The 31 charges laid against Senator Mike Duffy on Thursday are the latest development in a long-running scandal that has hurt support for Harper's right-leaning Conservative government ahead of an election scheduled for October 2015.
Harper, who took power in 2006 promising to increase accountability, came under attack from opposition parties last year after it emerged that his wealthy chief of staff, Nigel Wright, had secretly paid Duffy a cheque for C$90,000 (HK$649,000) to cover expenses that Duffy had agreed to repay.
The Senate, the appointed upper house of Canada's Parliament, ruled Duffy had claimed the expenses improperly.
Royal Canadian Mounted Police assistant commissioner Gilles Michaud said Duffy was suspected of corruptly obtaining, or trying to obtain, the C$90,000 from Wright.
"Mr Duffy has been charged with one count each of bribery of a judicial officer, frauds on the government and breach of trust," Michaud said. "Today's charges are the result of a careful examination of the facts."
The majority of the Mounties' charges against Duffy relate to living and travel expenses that he allegedly claimed even though he was not entitled to do so.

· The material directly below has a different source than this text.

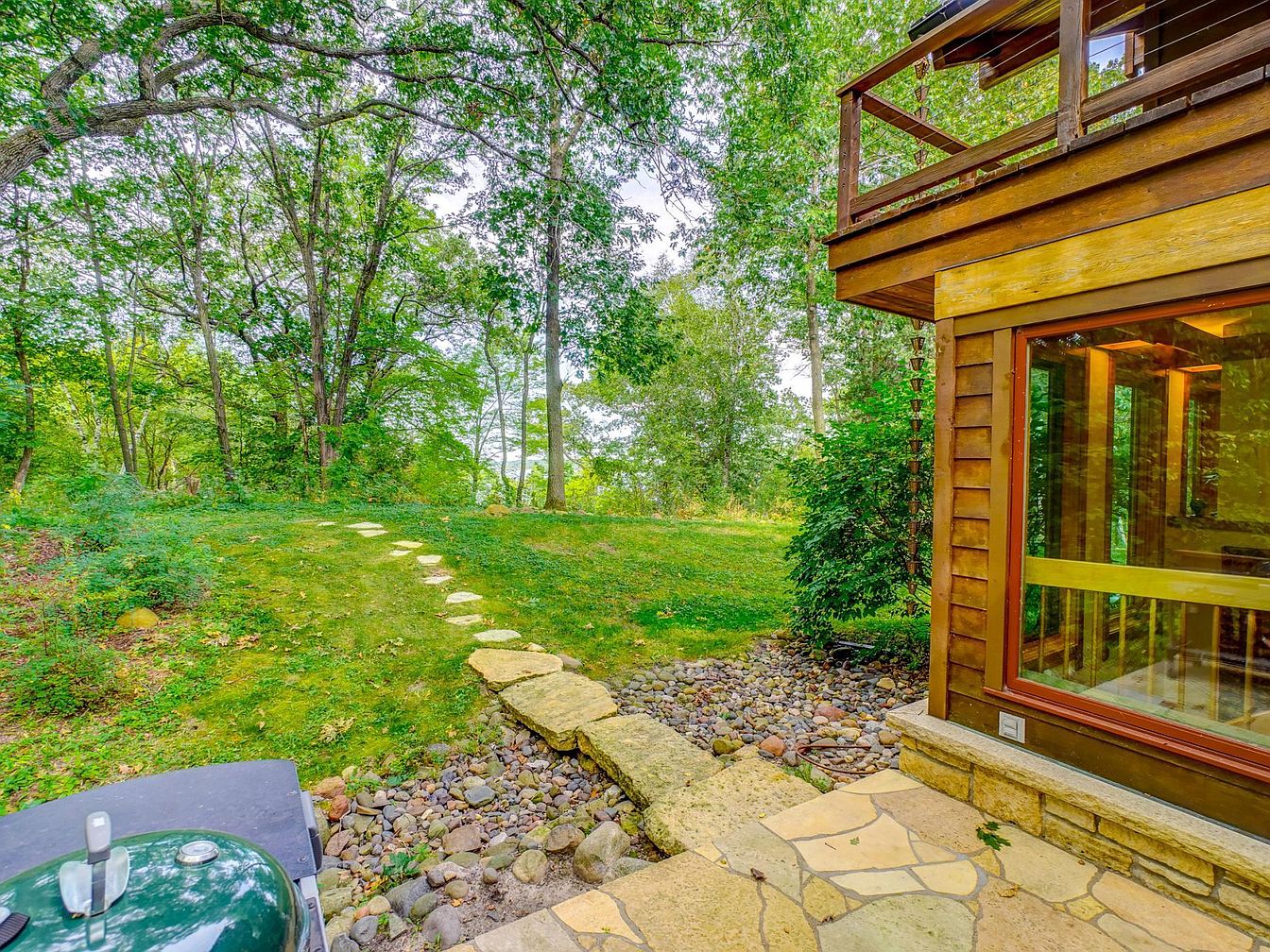 A scenic backyard space features a gentle stone pathway curving through a green, grassy lawn, leading towards a wooded area perfect for exploration or family play. The right side of the image reveals part of the home’s exterior, showcasing warm wooden siding paired with large, reflective windows and a rustic stone patio. Mature trees cast dappled shade across the yard, providing natural cooling and privacy, while the open view and grassy area offer abundant space for children to play safely. The earthy color palette of greens, browns, and yellows creates a cozy, inviting atmosphere, ideal for outdoor gatherings or quiet relaxation.

Harper has always insisted he knew nothing about the cheque and would not have approved it.
"Those who break the rules must suffer the consequences. The conduct described in the numerous charges against Mr Duffy is disgraceful," said chief Harper spokesman Jason MacDonald.
Wright quit his job in Harper's office in May 2013, a few days after the news broke. In November, the Senate voted to suspend Duffy and two other Conservative senators for claiming expenses they had not been entitled to.
Duffy is a former high-profile television reporter who had proved to be a popular draw at Conservative fundraising events. Harper appointed him to the Senate in December 2008.
In April, the RCMP said they had dropped a separate corruption investigation into Wright's activities.
Duffy's lawyer, Donald Bayne, said Thursday's charges raised serious questions.
"I am sure that I am not the only Canadian who will now wonder openly how what was not a crime or bribe when Nigel Wright paid it on his own initiative became, however mysteriously, a crime or bribe when received by Senator Duffy," he said in a statement.
Support for the Conservatives slipped after the scandal broke and polls continue to suggest that the opposition Liberals are likely to win the most seats in the House of Commons in next year's election.
"This is yet another example of the secrecy and alleged corruption involving the Harper Conservatives," said Liberal legislator Marc Garneau.
Duffy is next due to appear in court on September 16, the day after the House of Commons resumes sitting.